→ **AIM OF THE TASK**
Copy, word for word, the lines of the listing below from the line with "A mão de um" up to and including the line with "北京穆棱企业商会会长张传群回". Drop the pictures.

→ **AVAILABLE RECORDS**
........

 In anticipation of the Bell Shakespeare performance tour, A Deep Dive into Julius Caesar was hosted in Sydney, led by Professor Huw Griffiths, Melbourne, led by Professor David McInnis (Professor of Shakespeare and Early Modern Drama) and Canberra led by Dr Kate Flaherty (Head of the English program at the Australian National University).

........

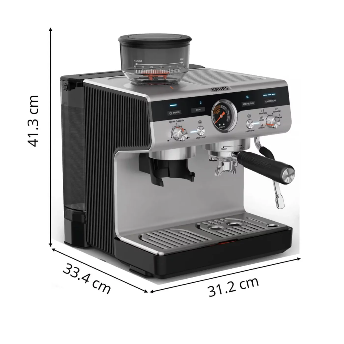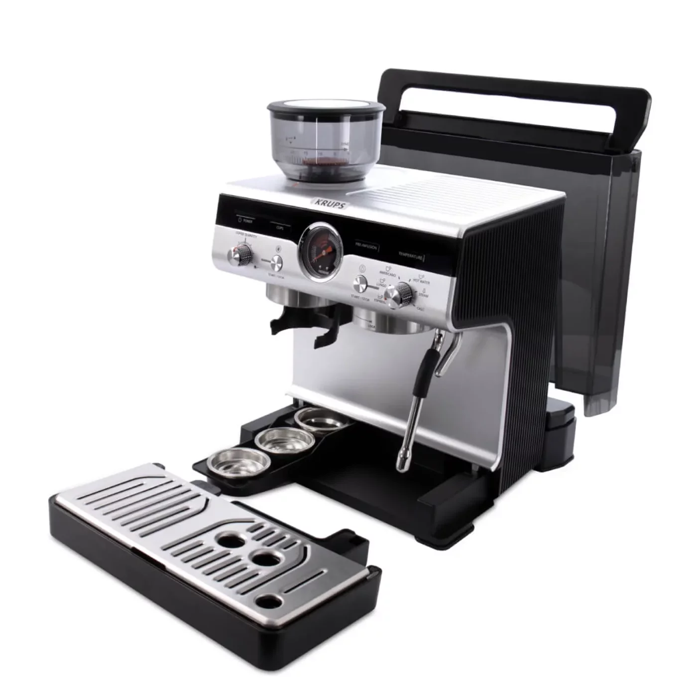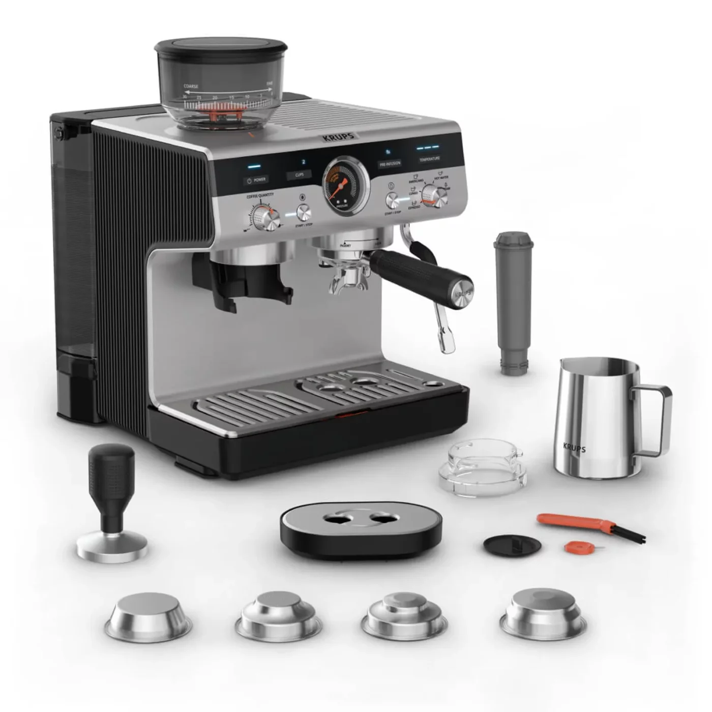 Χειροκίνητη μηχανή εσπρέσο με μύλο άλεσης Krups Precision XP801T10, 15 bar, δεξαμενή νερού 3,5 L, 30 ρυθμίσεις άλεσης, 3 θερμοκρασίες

........

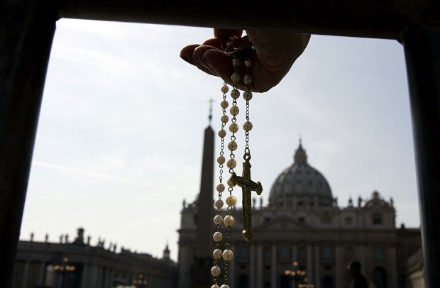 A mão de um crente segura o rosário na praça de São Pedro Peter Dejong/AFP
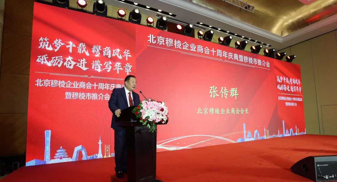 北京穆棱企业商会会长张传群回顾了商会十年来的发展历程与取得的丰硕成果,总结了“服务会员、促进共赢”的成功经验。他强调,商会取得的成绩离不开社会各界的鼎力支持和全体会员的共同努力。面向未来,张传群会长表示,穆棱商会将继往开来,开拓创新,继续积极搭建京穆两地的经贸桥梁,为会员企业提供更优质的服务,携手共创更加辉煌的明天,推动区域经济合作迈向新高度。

........

→ **WORKED SOLUTION**
 A mão de um crente segura o rosário na praça de São Pedro Peter Dejong/AFP
 北京穆棱企业商会会长张传群回顾了商会十年来的发展历程与取得的丰硕成果,总结了“服务会员、促进共赢”的成功经验。他强调,商会取得的成绩离不开社会各界的鼎力支持和全体会员的共同努力。面向未来,张传群会长表示,穆棱商会将继往开来,开拓创新,继续积极搭建京穆两地的经贸桥梁,为会员企业提供更优质的服务,携手共创更加辉煌的明天,推动区域经济合作迈向新高度。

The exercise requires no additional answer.